** INPUT RECORDS follows **
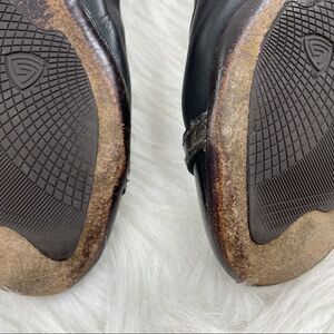 Attilio Giusti Leombruni (AGL) buckle ballet flats size 37. Black leather with blank patent leather round toe. Buckle hardware across vamp. Small heel and elasticized top. Slip on style with leather sole. Minimal marks on shoes with wear on soles. This refined flat features the iconic AGL silhouette handcrafted of glove-like leather with an elasticized topline for an easy fit and rubber sole insert for comfort and durability.
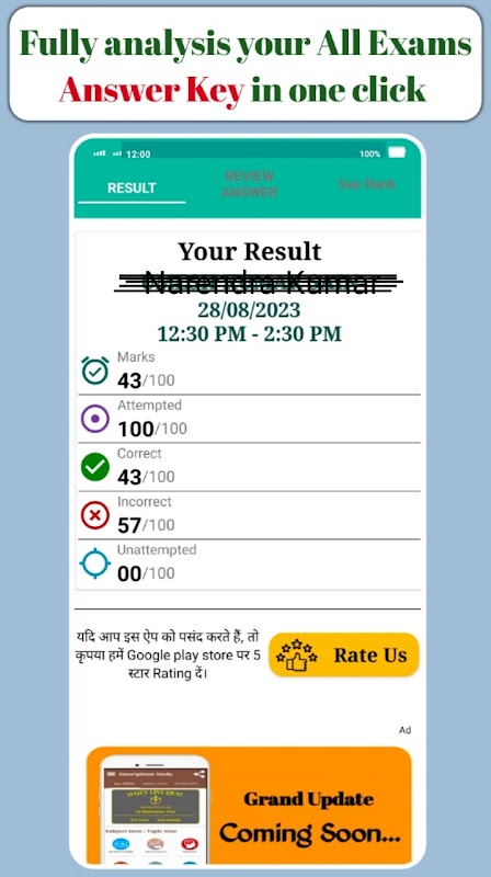 একক ক্লিকে আপনার উত্তর কী বিশ্লেষণ করুন, পরীক্ষায় সর্বভারতীয় র্যাঙ্ক দেখুন, স্বাভাবিক
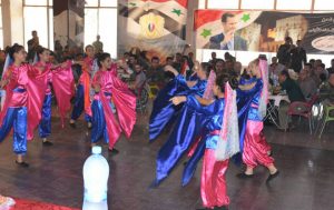 بعد ذلك قدمت مجموعة أطفال عدة رقصات ودبكات شعبية وأغاني وطنية.
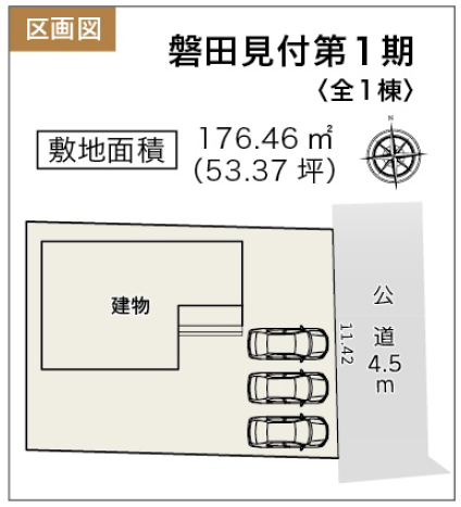 ◯所在地/静岡県磐田市見付1424-2 ◯交通/東海道本線「磐田」駅、バス16分、バス停「茨木」徒歩7分 ◯総区画数/1区画 ◯販売棟数/1棟 ◯土地権利/所有権 ◯地目/宅地 ◯土地面積/176.46㎡ ◯建物面積/105.78㎡ ◯確認建築番号/第KS125-0410-55108号 ◯構造/木造在来軸組工法2階建て ◯土地計画/市街化区域 ◯用途地域/第一種中高層住居専用地域 ◯建ぺい率/60% ◯容積率/150% ◯設備/公営水道・中部電力・本下水・都市ガス ◯接道状況/東側4.5m ◯完成/2025年12月予定
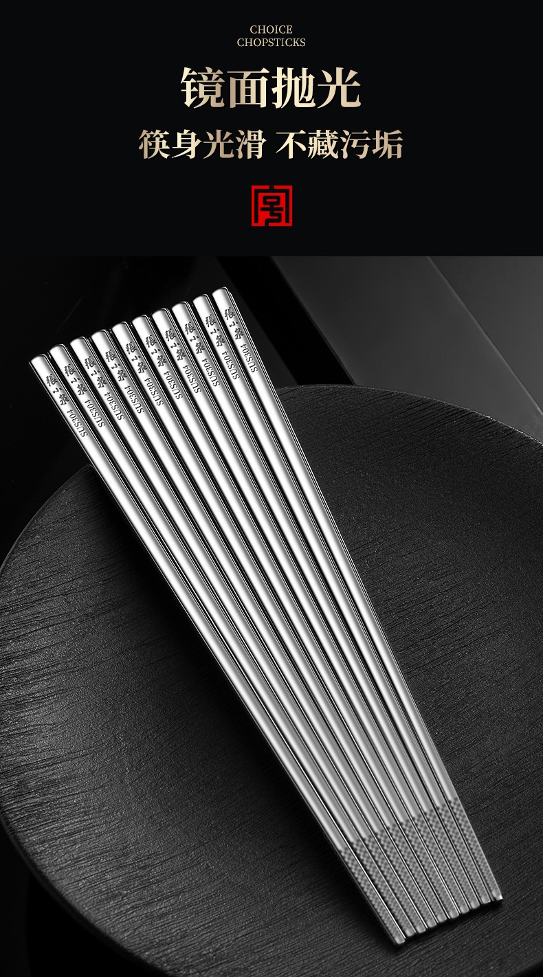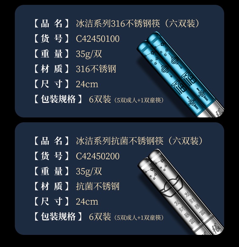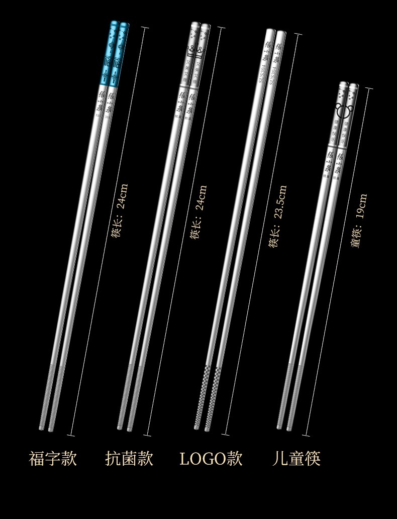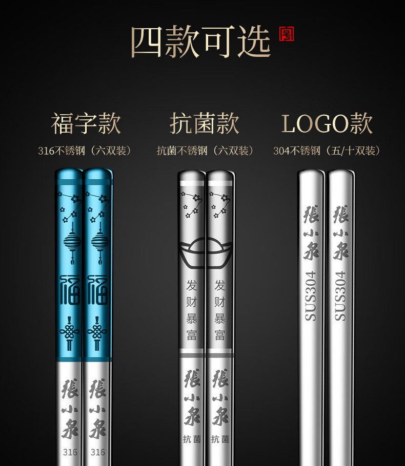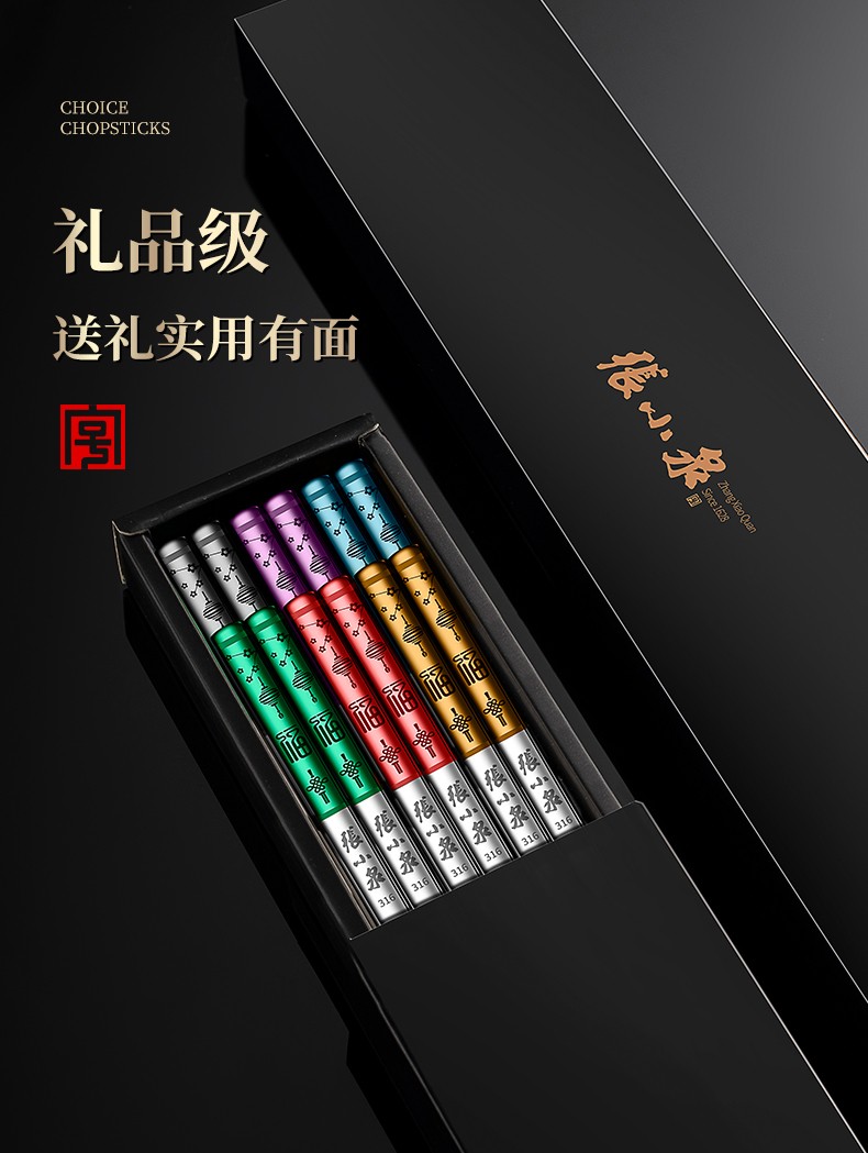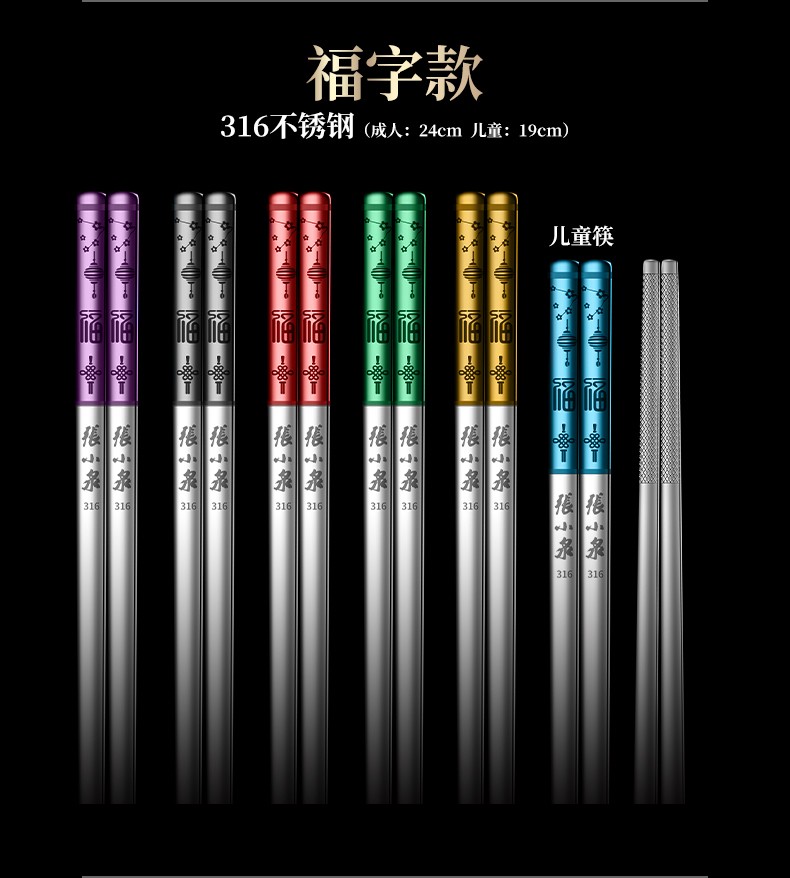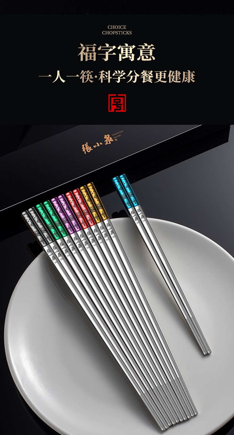 张小泉冰洁系列食品级不锈钢防滑筷子家用分食筷316\/304不锈钢 6双 316福字款装C42450100
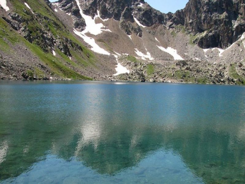 The Ai Köl lake is located on the northern slope of the Turkestan range, about 3000 meters above sea level. It is a small lake surrounded by large cliffs. One can observe its beauty only from afar.
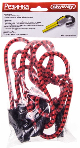 Резинка для крепления багажа Skyway — резинки для крепления груза используются для фиксации грузов в автомобиле, мотоциклах или скутерах, тем самым сведя к минимуму перемещение груза во время движения. Для производства используется специальный эластичный материал с применением резиновой нити.
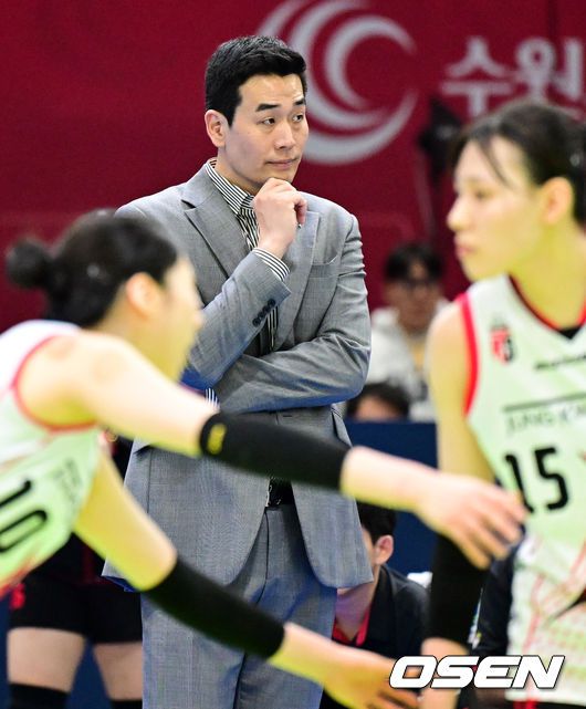 [OSEN=수원, 조은정 기자] 16일 경기도 수원체육관에서 ‘진에어 2025~2026 프로배구 V리그’ 여자부 현대건설과 정관장의 경기가 열렸다. 현대건설은 정관장을 상대로 세트 스코어 3-0(25-20, 25-22, 29-27)으로 승리했다. 3세트 정관장 고희진 감독이 생각에 잠겨 있다. 2026.01.16 /cej@osen.co.kr
** End of INPUT RECORDS **
# EXERCISE OBJECTIVE
With the images excluded, output every record verbatim.

# EXERCISE RESULT
 Attilio Giusti Leombruni (AGL) buckle ballet flats size 37. Black leather with blank patent leather round toe. Buckle hardware across vamp. Small heel and elasticized top. Slip on style with leather sole. Minimal marks on shoes with wear on soles. This refined flat features the iconic AGL silhouette handcrafted of glove-like leather with an elasticized topline for an easy fit and rubber sole insert for comfort and durability.
 একক ক্লিকে আপনার উত্তর কী বিশ্লেষণ করুন, পরীক্ষায় সর্বভারতীয় র্যাঙ্ক দেখুন, স্বাভাবিক
 بعد ذلك قدمت مجموعة أطفال عدة رقصات ودبكات شعبية وأغاني وطنية.
 ◯所在地/静岡県磐田市見付1424-2 ◯交通/東海道本線「磐田」駅、バス16分、バス停「茨木」徒歩7分 ◯総区画数/1区画 ◯販売棟数/1棟 ◯土地権利/所有権 ◯地目/宅地 ◯土地面積/176.46㎡ ◯建物面積/105.78㎡ ◯確認建築番号/第KS125-0410-55108号 ◯構造/木造在来軸組工法2階建て ◯土地計画/市街化区域 ◯用途地域/第一種中高層住居専用地域 ◯建ぺい率/60% ◯容積率/150% ◯設備/公営水道・中部電力・本下水・都市ガス ◯接道状況/東側4.5m ◯完成/2025年12月予定
 张小泉冰洁系列食品级不锈钢防滑筷子家用分食筷316\/304不锈钢 6双 316福字款装C42450100
 The Ai Köl lake is located on the northern slope of the Turkestan range, about 3000 meters above sea level. It is a small lake surrounded by large cliffs. One can observe its beauty only from afar.
 Резинка для крепления багажа Skyway — резинки для крепления груза используются для фиксации грузов в автомобиле, мотоциклах или скутерах, тем самым сведя к минимуму перемещение груза во время движения. Для производства используется специальный эластичный материал с применением резиновой нити.
 [OSEN=수원, 조은정 기자] 16일 경기도 수원체육관에서 ‘진에어 2025~2026 프로배구 V리그’ 여자부 현대건설과 정관장의 경기가 열렸다. 현대건설은 정관장을 상대로 세트 스코어 3-0(25-20, 25-22, 29-27)으로 승리했다. 3세트 정관장 고희진 감독이 생각에 잠겨 있다. 2026.01.16 /cej@osen.co.kr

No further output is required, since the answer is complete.